My engine has about 400 hp and 500 Nm and is stil alive but to be honest, I hardly use max. power.


----------



## mkV Fanatic (Oct 23, 2014)

From what I've read and gathered (and I'm no expert) but it seems like everyone seems to think and say 450-500lb torque is about the limit. But what I'm not sure is is that the engines limit or the trans and drivetrain limit. I'm assuming that you have a 6 speed that you matted to that engine? It seems the 6 speeds can hold more torque than the 5 speed that the 2.5's come with. But then again the same 5 speed was used in the 1.8T's and the early MKV diesel engines so it has to be just as good.


----------



## stef 4x4 (Jan 8, 2012)

mkV Fanatic said:


> From what I've read and gathered (and I'm no expert) but it seems like everyone seems to think and say 450-500lb torque is about the limit. But what I'm not sure is is that the engines limit or the trans and drivetrain limit. I'm assuming that you have a 6 speed that you matted to that engine? It seems the 6 speeds can hold more torque than the 5 speed that the 2.5's come with. But then again the same 5 speed was used in the 1.8T's and the early MKV diesel engines so it has to be just as good.


450-500 lbs, about 600-650 Nm, torque is a lot more than I thought!
Although my question was meant for the engine, you are right of course to mension trans and drivetrain, thanks about that.
The trans I use at the moment is a hybrid one: a combination of 02C and 02S, so 6 speed and syncro.
I hope to get answers on my question from 2.5 turbo owners, they are the ones who have some experience.
How more answers, how easyer to decide which parts should be changed at a certain power level.


----------



## killerbunny (Jul 10, 2008)

stef 4x4 said:


> I wonder the limits of an original engine.
> How much torque and how many hp.
> My engine has about 400 hp and 500 Nm and is stil alive but to be honest, I hardly use max. power.


As in stock bottom end?

Sent from my HTC6535LVW using Tapatalk


----------



## stef 4x4 (Jan 8, 2012)

killerbunny said:


> As in stock bottom end?
> 
> Sent from my HTC6535LVW using Tapatalk


Yes, almost. The only mods are: oil injectors for the piston bottom cooling and crank main cap bolts from the TTRS.


----------



## killerbunny (Jul 10, 2008)

stef 4x4 said:


> Yes, almost. The only mods are: oil injectors for the piston bottom cooling and crank main cap bolts from the TTRS.
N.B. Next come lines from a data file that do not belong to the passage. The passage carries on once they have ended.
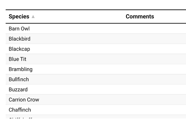 Lists of wildlife seen at the reserve from sightings records
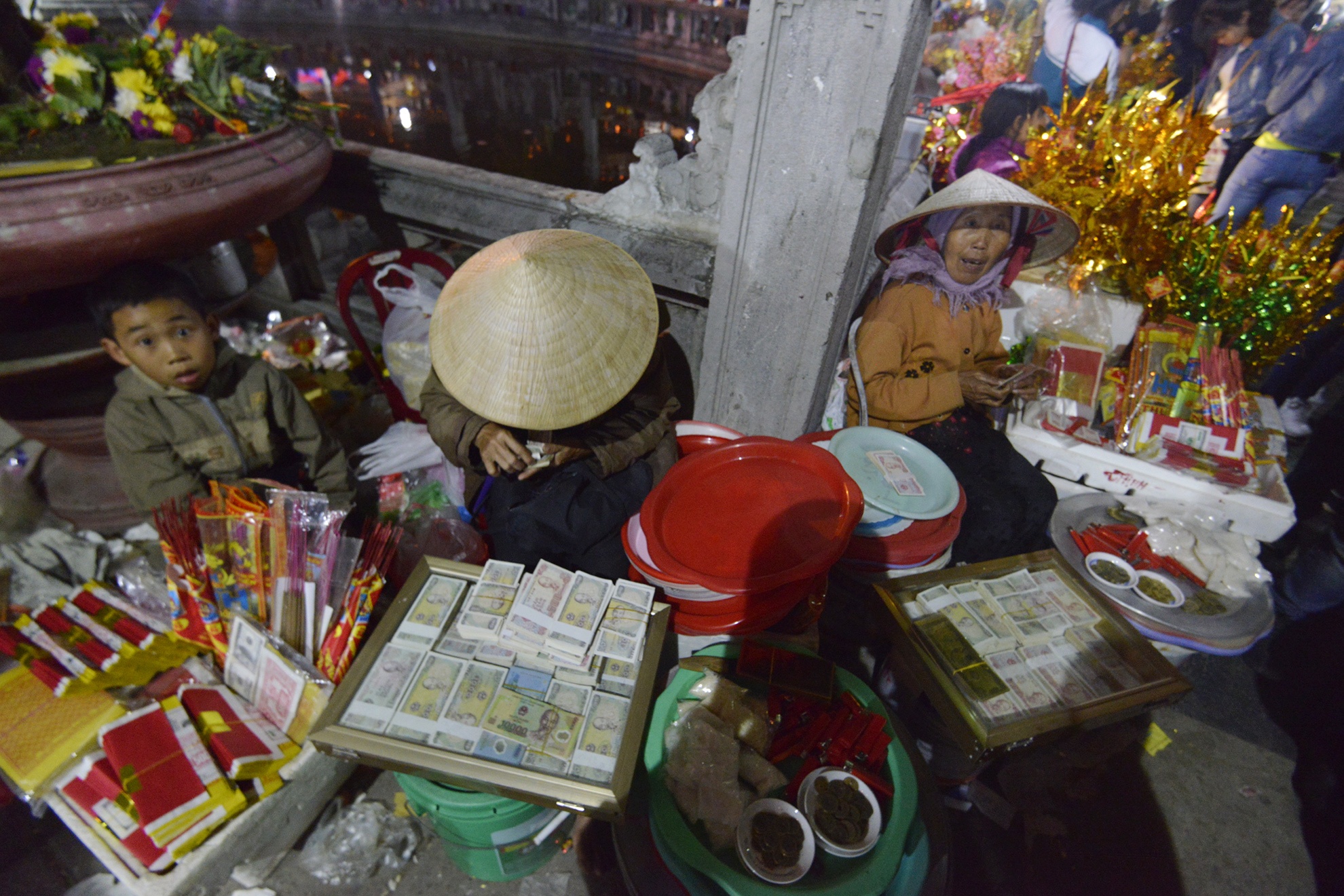 | Dịch vụ đổi tiền lẻ chênh lệch cao xuất hiện ngay trước phủ chính đền Thượng. |
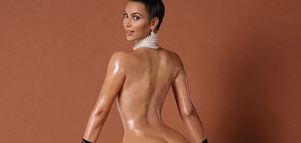 Kim recreates French photographer Jean-Paul Goude‘s famous ‘Champagne Incident’ shot on the cover of the magazine and also poses naked with her broad backside oiled up and exposed, as part of its ‘Break the Internet’ campaign.
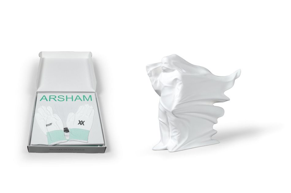書本 棉質手套 127/1000 樹脂 404/500 ;書本:31.5(長) x 27.5(寬) x 3.5(厚) cm; 雕塑:34(長) x 27.5(寬) x 31.5(高) cm
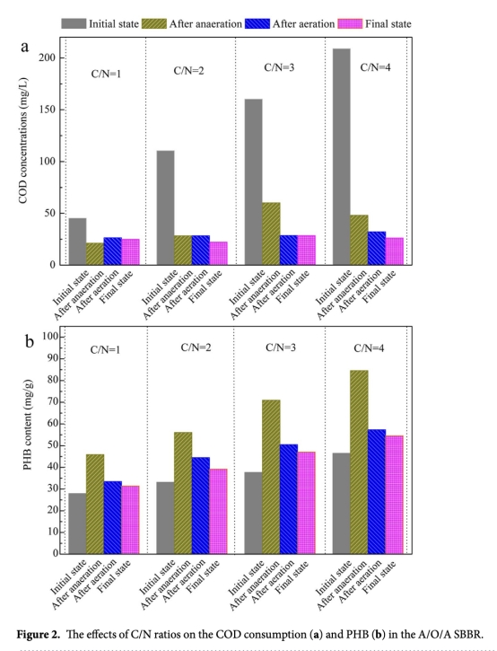 3 COD消耗和PHB含量變化數(shù)據(jù),來自Figure 2。研究意義是證明C/N比影響碳源存儲和利用,高C/N比(如4)增加PHB積累(38.10mg/g),促進(jìn)反硝化,減少N2O排放,闡明碳可用性與微生物活性的關(guān)系。
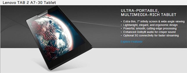 The TAB 2 A7-30 offers up to 8 hours of WiFi browsing on a single battery charge.
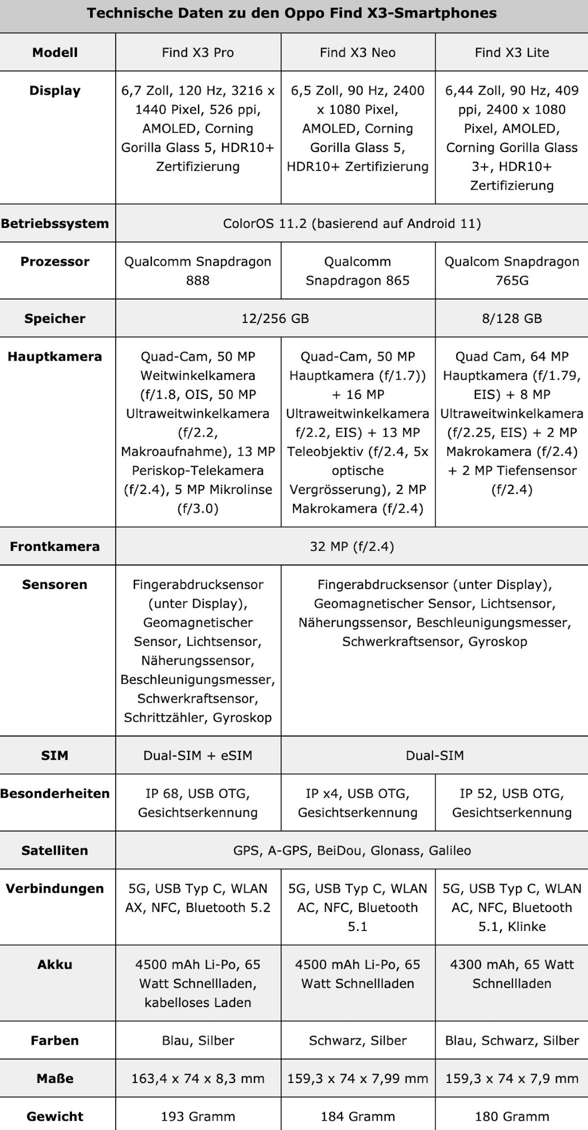 Oppo Find X3 Pro, Neo und Lite: Details vorab aufgetaucht
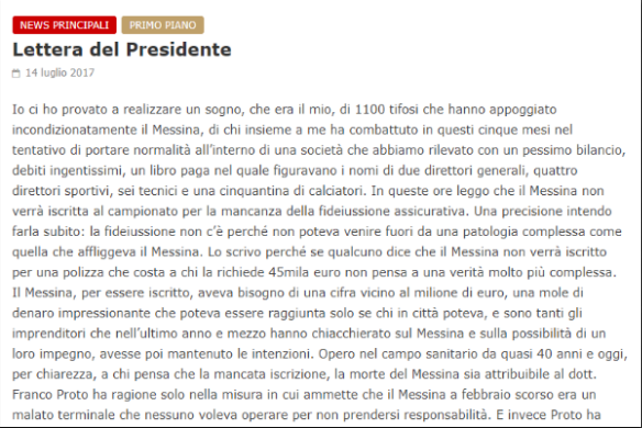 Attraverso un comunicato apparso sul sito ufficiale, il Messina ufficializza la volontà di non iscrivere la squadra al prossimo campionato di Serie...

Didn't know the oil squirters were different between the two motors, good to know. 

Think there are a few around 400 whp and slightly less ft-lb of torque on stock motors, but I would not want to go any higher. 

Sent from my HTC6535LVW using Tapatalk


----------



## TrillyPop (Jan 27, 2010)

There really isn't enough data to say...meaning not enough people have blown up the stock motor and reported it. You'll hear the 400whp figure quoted, and that was from like one build and one dyno run, so I wouldn't trust it. I made about 350whp on a stock motor for a little while and rebuilt/built when timing jumped (not related to power).


----------



## stef 4x4 (Jan 8, 2012)

TrillyPop said:


> There really isn't enough data to say...meaning not enough people have blown up the stock motor and reported it. You'll hear the 400whp figure quoted, and that was from like one build and one dyno run, so I wouldn't trust it. I made about 350whp on a stock motor for a little while and rebuilt/built when timing jumped (not related to power).


Thanx for your reaction.
Imo you will read most of the times succes stories, what went wrong is often not reported I think
Íf I am right that should be a pitty, we certainly could learn from those incidents. T


----------



## biggerbigben (Jan 21, 2004)

Interesting topic. There really isn't enough failures out there to make a judgement call. I'm personally tempted to leave my valvetrain completely oem and I'll be running a HTA3582R... my only worry is valve float, but I've got some shims for the springs to try.. 

However I will not be cutting corners on the bottom end: TTRS crank, later chains, slight overbore, forged pistons, rods, arp everything, new bearings etc.. aiming for 600whp on full boost, will be run day to day around 450whp though, thus the decision to leave the head alone.


----------